> **Task goal**
Leave out all pictures while repeating the records exactly and completely.

> **Data**
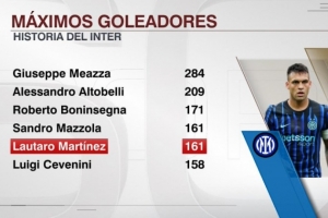 已是传奇!劳塔罗为国米打进161球追平马佐拉,并列队史射手榜第4
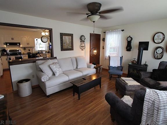 Don't miss this adorable and affordable ranch! Beautifully updated and ready to move right in, this property features laminate hardwood floors throughout, a bright and spacious kitchen with painted cabinetry, granite counters and lots of storage along with efficient natural gas heat and central air. The cozy family room is open to the kitchen and offers lots of natural light through the plantation shutters. Relax on the back porch which overlooks the lovely yard with great landscaping, gazebo, above ground pool, two storage sheds and plenty of yard space for everyone. With it's convenient location and pristine condition, there is so much to love about this property!
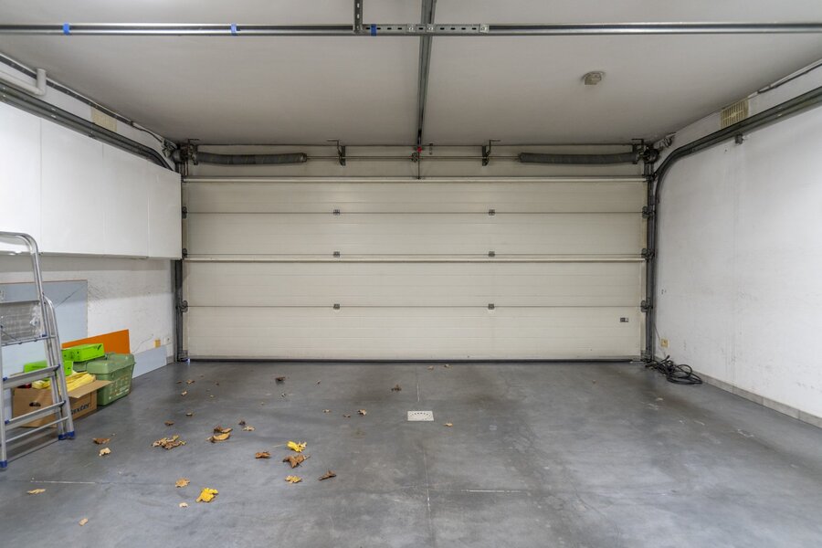 De inpandige garage biedt plaats aan twee wagens en is voorzien van een automatische poort.
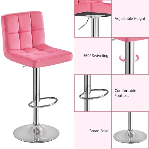 • Yaheetech Pink Bar Stools Set of 2, Adjustable Velvet Barstools, Modern Counter Height Swivel Stool with Bigger Base for Kitchen Island, Pink
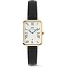 Ein stilvoller Klassiker ist diese Damenuhr mit Edelstahl-Gehäuse an einem bequemen sowie schicken Leder-Band. Die Daniel Wellington Quadro hat ein gelbgoldenes Gehäuse, ein Armband in Schwarz und ein weißes Ziffernblatt.
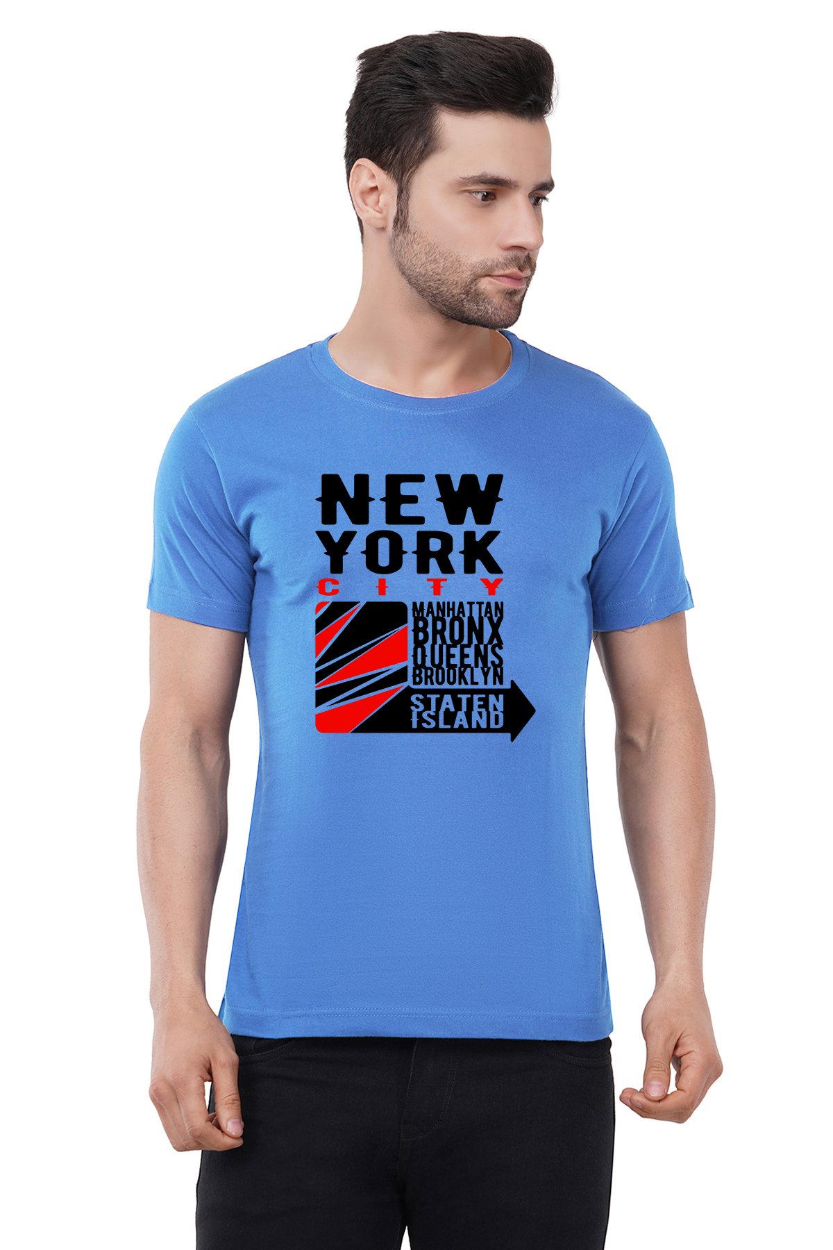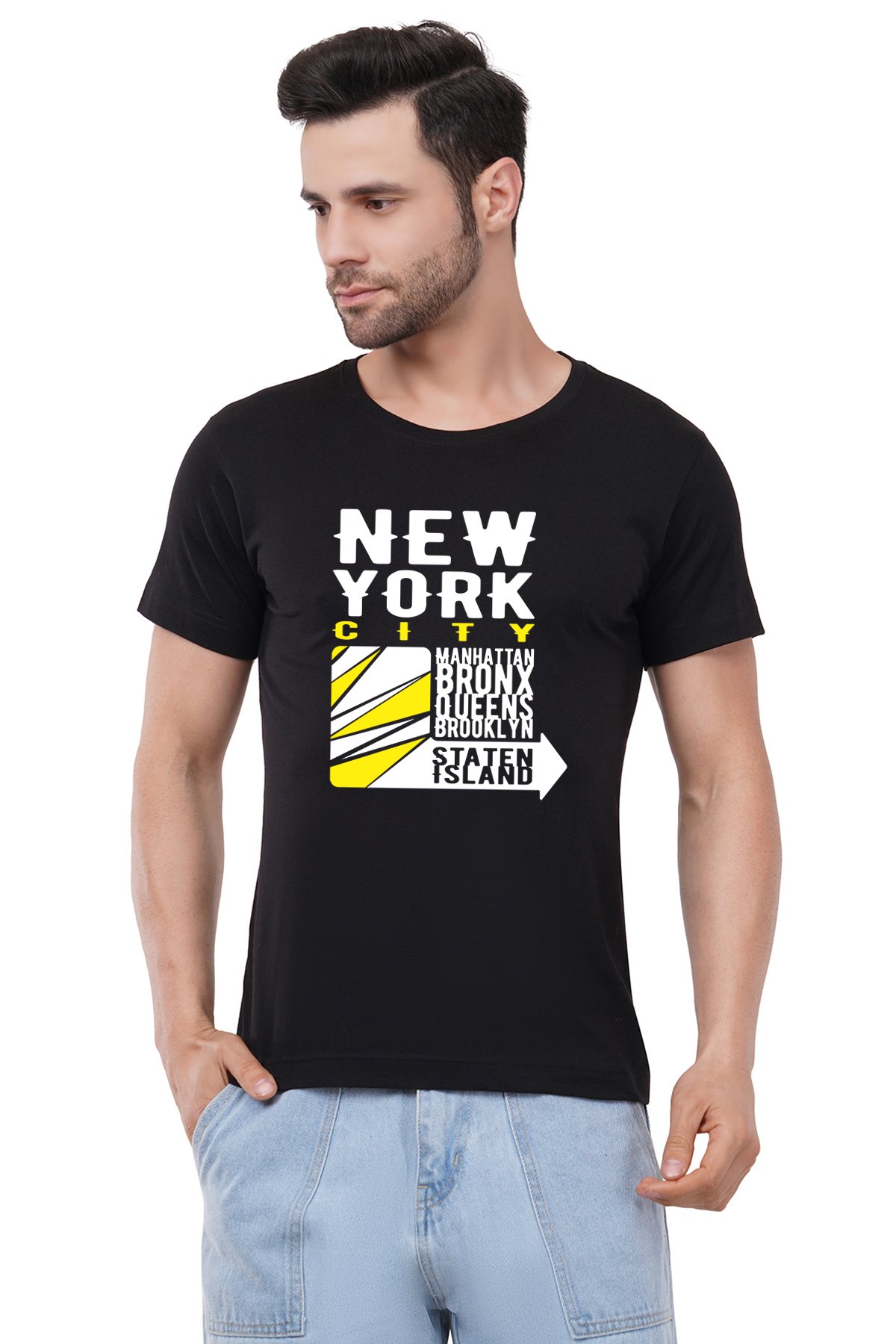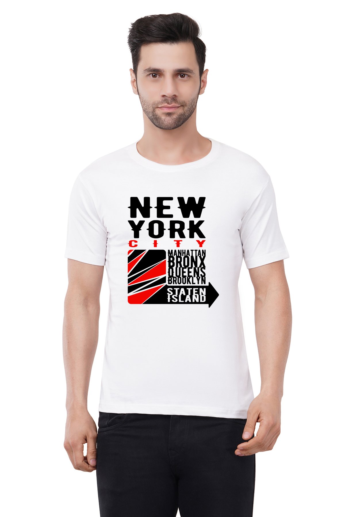 Caseria Men's Cotton Graphic Printed Half Sleeve T-Shirt - New York Island
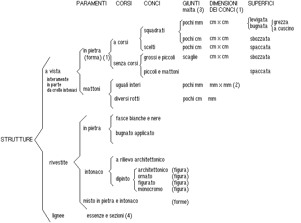 Nella relazione precedente (cfr.Rapporto preliminare, cap. 1, [[section]] 2.3) si è parlato delle osservazioni già ricavate dalle prime schede su alcuni importanti problemi del degrado dei materiali: uno dei due aspetti principali delle analisi archeologiche del costruito. La presente relazione si divide in quattro parti: 1) la prima continua sul degrado; 2) la seconda riguarda l'altro aspetto della diagnosi archeologica (cronologia e cultura materiale dei modi di costruire); 3) la terza riporta alcuni problemi sulla realizzazione degli abachi degli elementi costruttivi; 4) la quarta parte, infine, riguarda alcune considerazioni metodologiche sulle elaborazioni tematiche dei dati raccolti.

> **Result for this task**
 已是传奇!劳塔罗为国米打进161球追平马佐拉,并列队史射手榜第4
 Don't miss this adorable and affordable ranch! Beautifully updated and ready to move right in, this property features laminate hardwood floors throughout, a bright and spacious kitchen with painted cabinetry, granite counters and lots of storage along with efficient natural gas heat and central air. The cozy family room is open to the kitchen and offers lots of natural light through the plantation shutters. Relax on the back porch which overlooks the lovely yard with great landscaping, gazebo, above ground pool, two storage sheds and plenty of yard space for everyone. With it's convenient location and pristine condition, there is so much to love about this property!
 De inpandige garage biedt plaats aan twee wagens en is voorzien van een automatische poort.
 • Yaheetech Pink Bar Stools Set of 2, Adjustable Velvet Barstools, Modern Counter Height Swivel Stool with Bigger Base for Kitchen Island, Pink
 Ein stilvoller Klassiker ist diese Damenuhr mit Edelstahl-Gehäuse an einem bequemen sowie schicken Leder-Band. Die Daniel Wellington Quadro hat ein gelbgoldenes Gehäuse, ein Armband in Schwarz und ein weißes Ziffernblatt.
 Caseria Men's Cotton Graphic Printed Half Sleeve T-Shirt - New York Island
 Nella relazione precedente (cfr.Rapporto preliminare, cap. 1, [[section]] 2.3) si è parlato delle osservazioni già ricavate dalle prime schede su alcuni importanti problemi del degrado dei materiali: uno dei due aspetti principali delle analisi archeologiche del costruito. La presente relazione si divide in quattro parti: 1) la prima continua sul degrado; 2) la seconda riguarda l'altro aspetto della diagnosi archeologica (cronologia e cultura materiale dei modi di costruire); 3) la terza riporta alcuni problemi sulla realizzazione degli abachi degli elementi costruttivi; 4) la quarta parte, infine, riguarda alcune considerazioni metodologiche sulle elaborazioni tematiche dei dati raccolti.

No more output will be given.